# Sample Size Justification for Medical Device Shelf-Life

N

#### NicoleinFlorida

Hello everyone,

I have a question about how to determine the sample size for medical device shelf-life test.Our device is Class II medical device, and expected shelf-life is 3 years.

Shelf-life test will be conducted with five stages:
1. Time 0 No aging
2. 6-Month accelerated aging (for 510k)
3. 36-Month accelerated aging
4. 6-Month real-time aging
5. 36-Month real-time aging

During each stage, package tests (integrity, seal strength, and 100% visual inspection) and device performance tests will be conducted.

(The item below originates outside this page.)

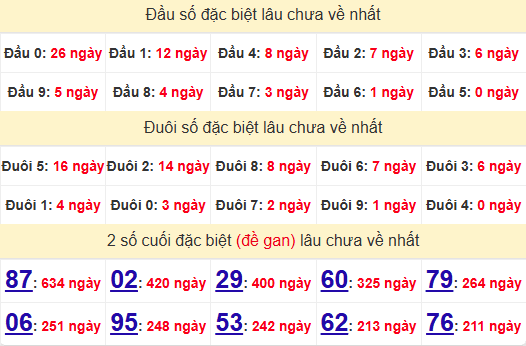 Đầu – đuôi, Thống kê 2 số cuối giải đặc biệt XSHCM lâu về

In our protocol, we used the AQL Level I that required 32 samples for each test. I am considering whether we can reduce this number with a rational statistical justification.

According to the thread about V&V sample size, I am considering to use R=0.95, C=0.95 which gives a N=59. So does this "N" means the number of devices for each tests? Or if we have three tests for the package, then can N be divided by 3, which means that we can use 20 samples?

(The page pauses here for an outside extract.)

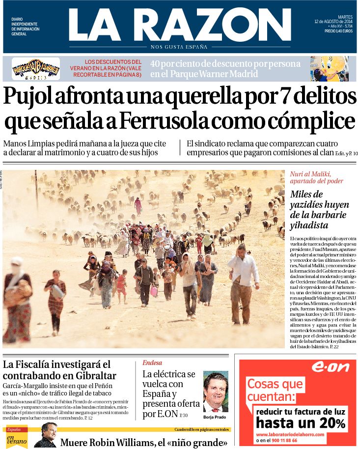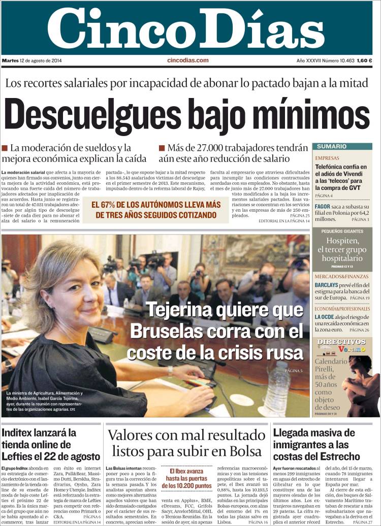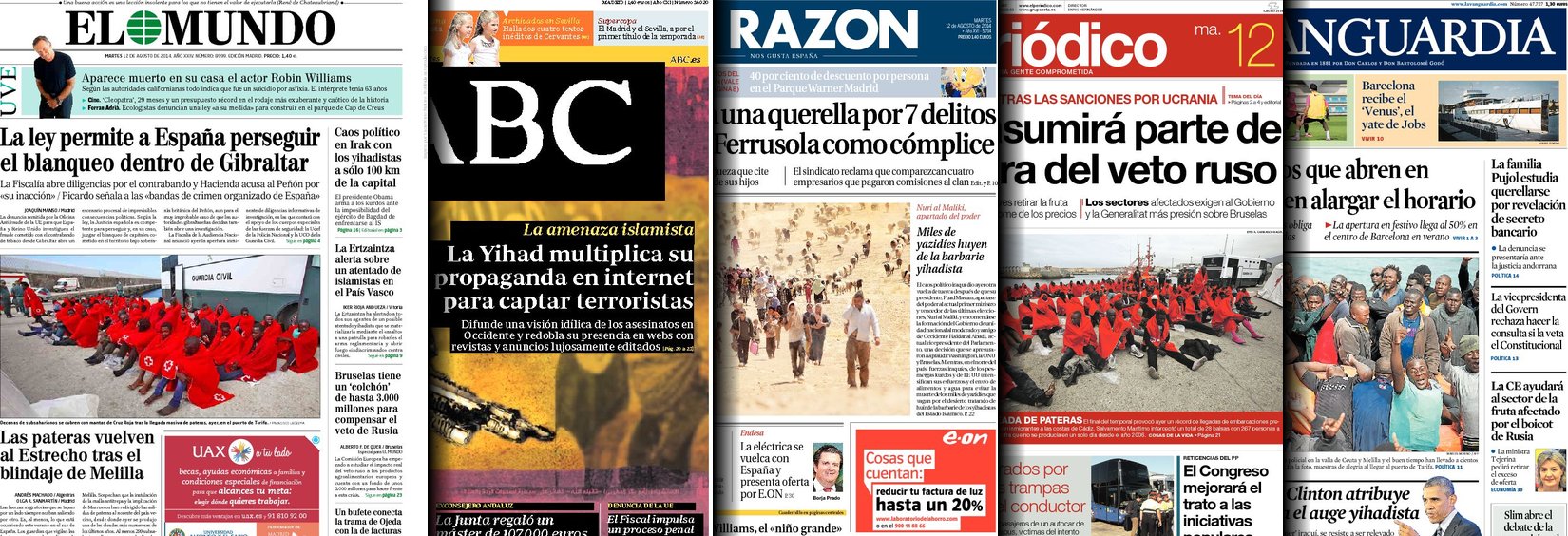 Portadas de los diarios El Mundo, El País, ABC, La Razón, La Vanguardia, El Periódico, Cinco Días, El Economista, Expansión, Marca, As, Mundo Deportivo y Sport.

I will really appreciate your responses.

#### Bev D

##### Heretical Statistician
Super Moderator
it really depends on what you are trying to do. Although the AQL sampling plans are NOT appropriate for these types of tests.

If you only want to demonstrate that some percentage of your product will survive beyond some specified period of time, the confidence and reliability plan will suffice. the sample size applies to EACH of the tests you specified. time zero through 36 month real time...you may not need to perform each of those but regardless the sample size applies to each.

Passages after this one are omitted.